I’d decided to introduce myself to ol’ Max when he suddenly moved off from the group a little ways to type a text. I snuck up behind him and tapped him on the shoulder. The look he gave me over his phone was equal parts annoyance and disdain. As if I were a new waiter who’d just tried to clear the cheese course he was still enjoying.
He didn’t seem to like it so much as I stood there silently staring at him.
“And you are? Silent Bob, one of the new contractors? I give up. Try to spit it out, OK? I’m busy,” he said.
His haughty expression switched off instantly, his hazel eyes flashing with a sudden panicked guilt, when I reached into my pocket and showed him my shield.
“Guilty conscience, Max?” I said.
CHAPTER 75
“NYPD? WHAT IS THIS about?” Max Schlack said, quickly leading me away from the group and back down the freshly Sheetrocked corridor for the elevator.
“This is about a dump you own on a Hundred Twenty-Seventh Street,” I said.
He stared at me. We were about the same height. When he took off his hard hat, I saw that his deep, rich tan continued to his cleanly shaved head. He was one of those white guys who actually look good bald. It suited him. He was also broad in the shoulders. I remembered the article saying he had played rugby at Yale. A real stud.
“I own a lot of properties. Who are you, again?”
“Oh, it’s yours,” I said, ignoring him. “I looked it up. Twenty-Seven East One Hundred Twenty-Seventh Street is owned by Luminous Properties. You own Luminous Properties, ergo you own the dump on a Hundred Twenty-Seventh.”
He was also the owner of the building we thought Naomi had been abducted from.

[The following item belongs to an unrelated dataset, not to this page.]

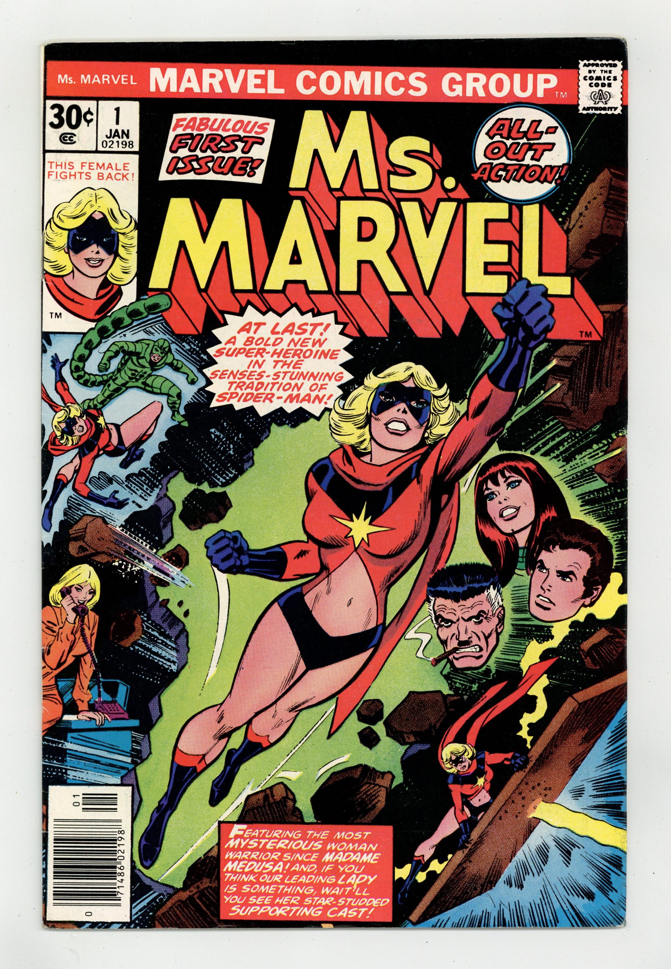 John Romita/Dick Giordano cover. John Buscema art. Gerry Conway script. Joe Sinnott/David Hunt inks. Marie Severin colors. "This Woman, This Warrior" Carol Danvers meets Peter Parker, J. Jonah Jameson, Mary Jane Watson, and battles the Scorpion when she gets a job at the Daily Bugle as a fashion editor. Intro Ms. Marvel, Carol Danvers, who last appeared in Captain Marvel # 40. 1st appearance of Ms Marvel. 36 pages, full color. Cover price $0.30. Grade: FN/VF 7.0 explanation of grade Condition: Used (collectible)
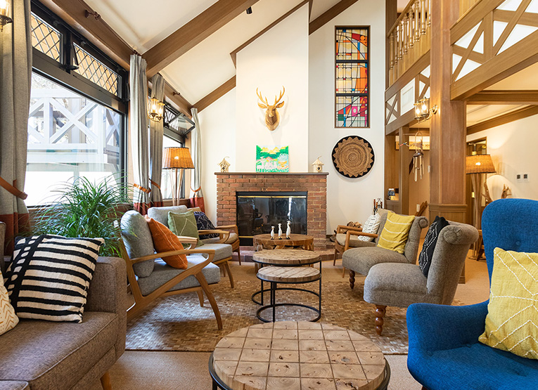 - 吹き抜けが心地よい開放的なラウンジ。

But I didn’t say that.
“It—like almost the rest of the block—was purchased three years ago. Since then, you’ve been fined thirty-six times for various building and fire code violations. I didn’t make the Power One Hundred list this year, but even to me, that seems like an excessive number.”
“And you’re telling me this because?” the tall, tan GQ-ish guy said, glancing at his BlackBerry again.
I reached out and placed my hand over his device’s screen.
“Because I was just there chasing a suspect into your hazard zone, and my partner almost got greased when the floor collapsed. My partner is in the hospital right now. Do I have your attention now, moron?”
“OK, OK. I think I know what you’re talking about. A Hundred Twenty-Seventh Street is in rough shape. That’s why we’re developing it. Why was your partner on my property, again?”